◆ TASK: Below are the records; print them again exactly and omit the pictures.

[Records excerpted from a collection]

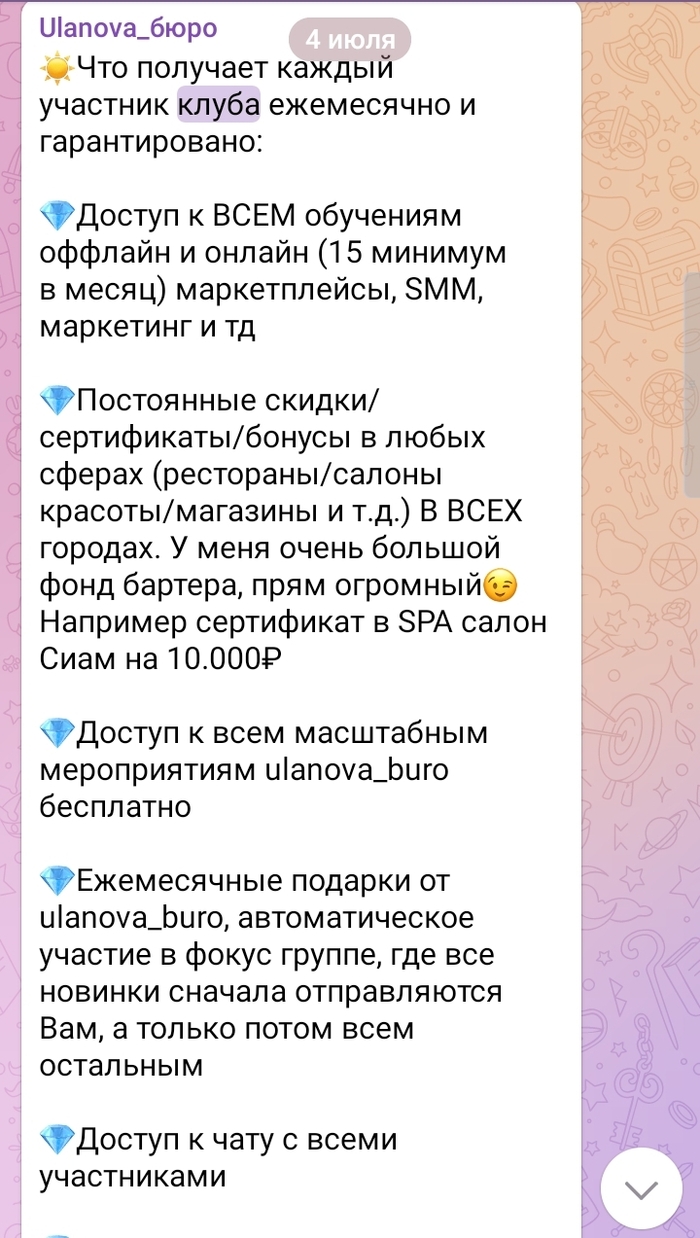 Таким образом ослепила эта тема более 170 девушек, которые отдали 15/60/90к в зависимости от срока, на который в него заходили. И вот 15 июля эта машина начинает крутиться: девочки общаются в чате, строят планы, Уланова Екатерина с завидным постоянством пишет о планируемых событиях, составлет целые расписания, по которым уже через месяц можно было бы стать экспертом во всем.
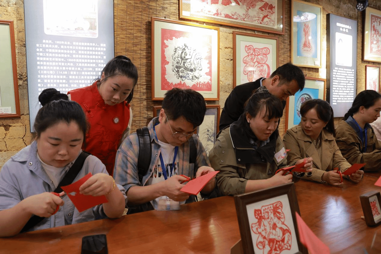 学员们体验非遗剪纸技艺
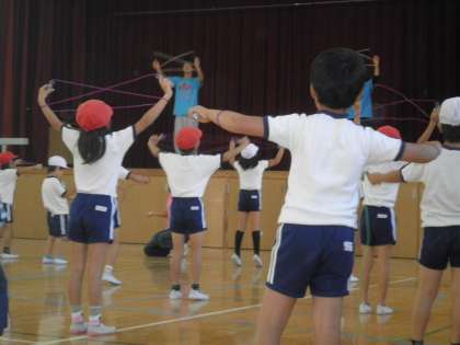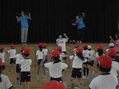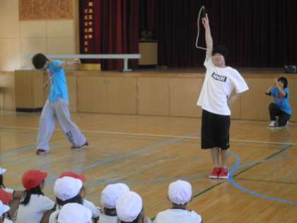 10月30日(木)に「がんばる先生支援事業」を活用して京都大学MTTRの皆さんになわとび出前授業をしていただきました。MTTRの皆さんは音楽に合わせてなわとびのパフォーマンスをしていただきました。子どもたちは「すごい!!四重跳び!!」などとかっこいいパフォーマンスに感嘆の声をあげていました。
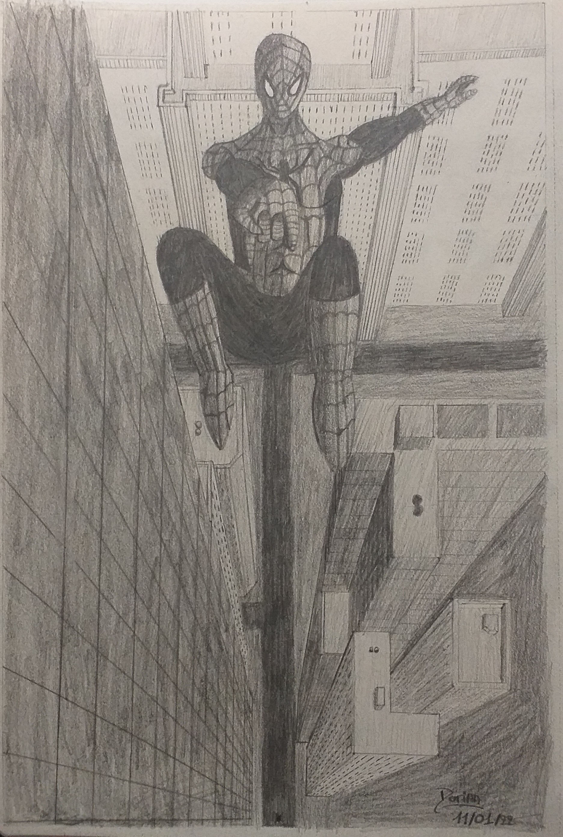 Pour cette exercice j'ai essayé d'appliquer différents cours. Les valeurs de traits, mais lors du remplissage je me suis rendu compte qu'on ne voyait plus les nuances 😟. La perspective bien évidemment, les bonnes proportions des personnages, les nuances de gris qui, je trouve, sont assez ratés, et enfin la mise en scène. L'idée était d'avoir un personnage en haut de page qui attire immédiatement l'oeil, pour ensuite descendre sur le reste du dessin. Spider-man étant sombre j'ai décidé de le mettre derrière un batiment blanc pour bien le constraster avec le décor. J'ai également vaguement tenté de rajouter un effet de lumière pour nuancer les couleurs du costumes afin de mieux le démarquer du reste. Ensuite les traits liés à la perspectives nous font naturellement descendre vers le bas de l'image. Je pense avoir plutôt bien réussi la mise en scène, en revanche pour les autres cours abordés je pense être à la ramasse. Tout semble grisatre et, malgré quelques heures passé dessus, coloriés à la va-vite. Voilà j'ai hâte de savoir ce que vous en pensez 🙂
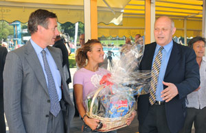 LH Durnwalder und LR Widmann überreichen der Turmspringerin Tania Cagnotto in Vertretung aller Südtiroler Olympiateilnehmer einen Korb mit Südtiroler Qualitätsprodukten (FOTO:LPA/Pertl)
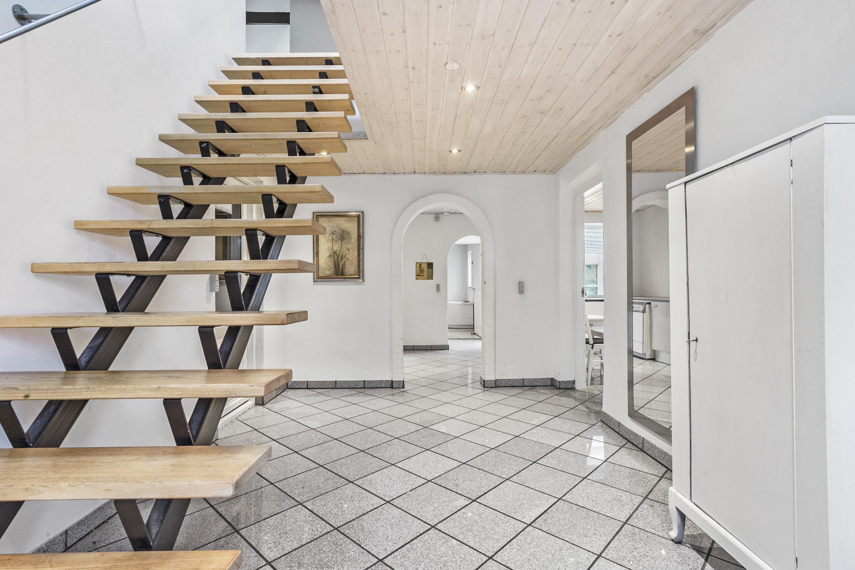 Ein schönes, im Jahr 2013 renoviertes zweistöckiges Ferienhaus von Feldern und der wenig befahrenen Straße umgeben, die die Ferienhausgebiete Vejlby Fed und Båring Vig miteinander verbindet. Das Haus verfügt im Erdgeschoss über ein geräumiges Wohnzimmer, ein Esszimmer mit Kaminofen und einer offenen, modernen Küche, ein Wintergarten mit zusätzlichem Essplatz und Fensterfront zum gepflasterten Hof hinaus, und ein großes Badezimmer mit Dusche. Im 1. Stock befinden sich die 5 Schlafräume sowie ein weiteres Badezimmer. Das Haus hat in 2024 eine Luft zu Wasser Wärmepumpe bekommen.

◆ YOUR SOLUTION:
 Таким образом ослепила эта тема более 170 девушек, которые отдали 15/60/90к в зависимости от срока, на который в него заходили. И вот 15 июля эта машина начинает крутиться: девочки общаются в чате, строят планы, Уланова Екатерина с завидным постоянством пишет о планируемых событиях, составлет целые расписания, по которым уже через месяц можно было бы стать экспертом во всем.
 学员们体验非遗剪纸技艺
 10月30日(木)に「がんばる先生支援事業」を活用して京都大学MTTRの皆さんになわとび出前授業をしていただきました。MTTRの皆さんは音楽に合わせてなわとびのパフォーマンスをしていただきました。子どもたちは「すごい!!四重跳び!!」などとかっこいいパフォーマンスに感嘆の声をあげていました。
 Pour cette exercice j'ai essayé d'appliquer différents cours. Les valeurs de traits, mais lors du remplissage je me suis rendu compte qu'on ne voyait plus les nuances 😟. La perspective bien évidemment, les bonnes proportions des personnages, les nuances de gris qui, je trouve, sont assez ratés, et enfin la mise en scène. L'idée était d'avoir un personnage en haut de page qui attire immédiatement l'oeil, pour ensuite descendre sur le reste du dessin. Spider-man étant sombre j'ai décidé de le mettre derrière un batiment blanc pour bien le constraster avec le décor. J'ai également vaguement tenté de rajouter un effet de lumière pour nuancer les couleurs du costumes afin de mieux le démarquer du reste. Ensuite les traits liés à la perspectives nous font naturellement descendre vers le bas de l'image. Je pense avoir plutôt bien réussi la mise en scène, en revanche pour les autres cours abordés je pense être à la ramasse. Tout semble grisatre et, malgré quelques heures passé dessus, coloriés à la va-vite. Voilà j'ai hâte de savoir ce que vous en pensez 🙂
 LH Durnwalder und LR Widmann überreichen der Turmspringerin Tania Cagnotto in Vertretung aller Südtiroler Olympiateilnehmer einen Korb mit Südtiroler Qualitätsprodukten (FOTO:LPA/Pertl)
 Ein schönes, im Jahr 2013 renoviertes zweistöckiges Ferienhaus von Feldern und der wenig befahrenen Straße umgeben, die die Ferienhausgebiete Vejlby Fed und Båring Vig miteinander verbindet. Das Haus verfügt im Erdgeschoss über ein geräumiges Wohnzimmer, ein Esszimmer mit Kaminofen und einer offenen, modernen Küche, ein Wintergarten mit zusätzlichem Essplatz und Fensterfront zum gepflasterten Hof hinaus, und ein großes Badezimmer mit Dusche. Im 1. Stock befinden sich die 5 Schlafräume sowie ein weiteres Badezimmer. Das Haus hat in 2024 eine Luft zu Wasser Wärmepumpe bekommen.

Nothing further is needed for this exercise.